N'y tenant plus, Ryouta l'attrapa vivement par les épaules et la serra contre lui de toutes ses forces, comme si elle allait disparaitre, comme si ses bras puissants pouvaient la protéger du monde extérieur et l'empêcher de tomber en poussière. Il l'avait vu, cette douleur sourde et cette peur démesurée qui avaient soudain ranimées les yeux bleus de Sarah. Une terreur telle qu'il n'en avait jamais vu sur son visage. Et il ne voulait pas la voir comme ça. Il la sentait grelotter contre son torse puissant, et peut-être qu'il l'étouffait à la serrer de la sorte, mais il ne pouvait pas s'en empêcher.

-Je suis désolée Kirenai-chan, je n'aurais jamais dû te demander ça...
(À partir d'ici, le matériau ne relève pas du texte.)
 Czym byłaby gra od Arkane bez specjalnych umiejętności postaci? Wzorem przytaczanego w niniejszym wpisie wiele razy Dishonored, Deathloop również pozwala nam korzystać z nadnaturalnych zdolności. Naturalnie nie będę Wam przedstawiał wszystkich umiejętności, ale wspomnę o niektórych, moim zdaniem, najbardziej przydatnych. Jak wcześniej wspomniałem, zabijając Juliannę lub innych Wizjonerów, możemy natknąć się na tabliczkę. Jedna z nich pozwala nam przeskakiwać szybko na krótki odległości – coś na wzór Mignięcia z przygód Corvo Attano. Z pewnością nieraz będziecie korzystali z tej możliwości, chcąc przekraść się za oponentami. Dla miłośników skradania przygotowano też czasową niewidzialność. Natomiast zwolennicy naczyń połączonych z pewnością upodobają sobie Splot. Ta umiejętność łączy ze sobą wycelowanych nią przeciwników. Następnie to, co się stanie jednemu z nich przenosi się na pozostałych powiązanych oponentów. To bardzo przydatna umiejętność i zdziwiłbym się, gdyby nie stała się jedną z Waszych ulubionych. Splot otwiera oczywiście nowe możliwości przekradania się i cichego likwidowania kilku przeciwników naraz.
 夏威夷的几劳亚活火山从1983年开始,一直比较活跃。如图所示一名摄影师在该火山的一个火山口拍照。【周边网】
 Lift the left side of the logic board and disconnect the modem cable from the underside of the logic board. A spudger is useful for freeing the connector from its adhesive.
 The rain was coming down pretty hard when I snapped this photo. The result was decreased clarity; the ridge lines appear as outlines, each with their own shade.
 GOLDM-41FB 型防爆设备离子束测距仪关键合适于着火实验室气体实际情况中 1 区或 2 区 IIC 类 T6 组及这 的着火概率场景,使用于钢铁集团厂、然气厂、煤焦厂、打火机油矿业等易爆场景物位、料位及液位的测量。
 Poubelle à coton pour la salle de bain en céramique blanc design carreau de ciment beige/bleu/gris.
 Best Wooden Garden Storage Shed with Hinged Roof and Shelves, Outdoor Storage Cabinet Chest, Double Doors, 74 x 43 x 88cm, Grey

Il se mordit la lèvre inférieure et ferma les yeux en sentant une larme tomber dans son cou et se glisser sous son t-shirt.

-C'est... Pas de ta faute... hoqueta-t-elle.

Ravaler ses larmes semblait impossible. Elle peinait à respirer entre ses sanglots et les bras de Kise autour d'elle, mais elle en redemandait presque, s'accrochant toujours plus à son t-shirt.

-Je ne peux juste pas... Dormir sans y repenser... Et je... Ca me fait peur...

-C'est bon Kirenai-chan, ça suffit pour ce soir...

Il la repoussa gentiment et posa son front contre celui de Kirenai. Il ancra son regard doré dans le sien et essaya de lui sourire.

-Si je reste pas loin de toi, ça devrait aller non ? On va dormir dans la même chambre, alors tu auras juste à tendre le bras pour que je sois là.

Elle étouffa un sanglot et essuya maladroitement ses larmes.

-Oui... Ca devrait... Aller...

Quelques spasmes contractèrent encore ses poumons, et elle ne résista pas quand Ryouta l'aida à se relever.

-On va aller se coucher, ça ira mieux demain...

Il la guida jusqu'à la chambre et la força à s'allonger dans son lit. Il prenait le futon, ça lui allait très bien.

-Repose-toi... Si tu ne te sens pas mieux demain, tu n'iras pas en cours, je dirais que tu étais malade.

-Non, ça devrait aller... Je pense...

Il lui sourit, et par réflexe, déposa un léger baiser sur son front.

-Bonne nuit...

Elle ne répondit pas, ses joues prenant une légère teinte rose, et bientôt le corps massif de Kise n'était plus dans son champ de vision. Le blond retourna dans le salon pour éteindre toutes les lumières et lorsqu'il fut finalement près à aller se coucher à son tour, il fut surprit de constater que la jeune fille ne dormais pas encore. Il s'allongea sur le futon et tendit la main, tâtonnant sur le matelas qui était bien plus haut que son futon, pour finalement trouver la main de Sarah.

-Je suis juste là Kirenai-chan...

Il n'obtint aucune réponse, juste une légère pression sur ses doigts qui lui indiqua qu'elle l'avait entendu et compris.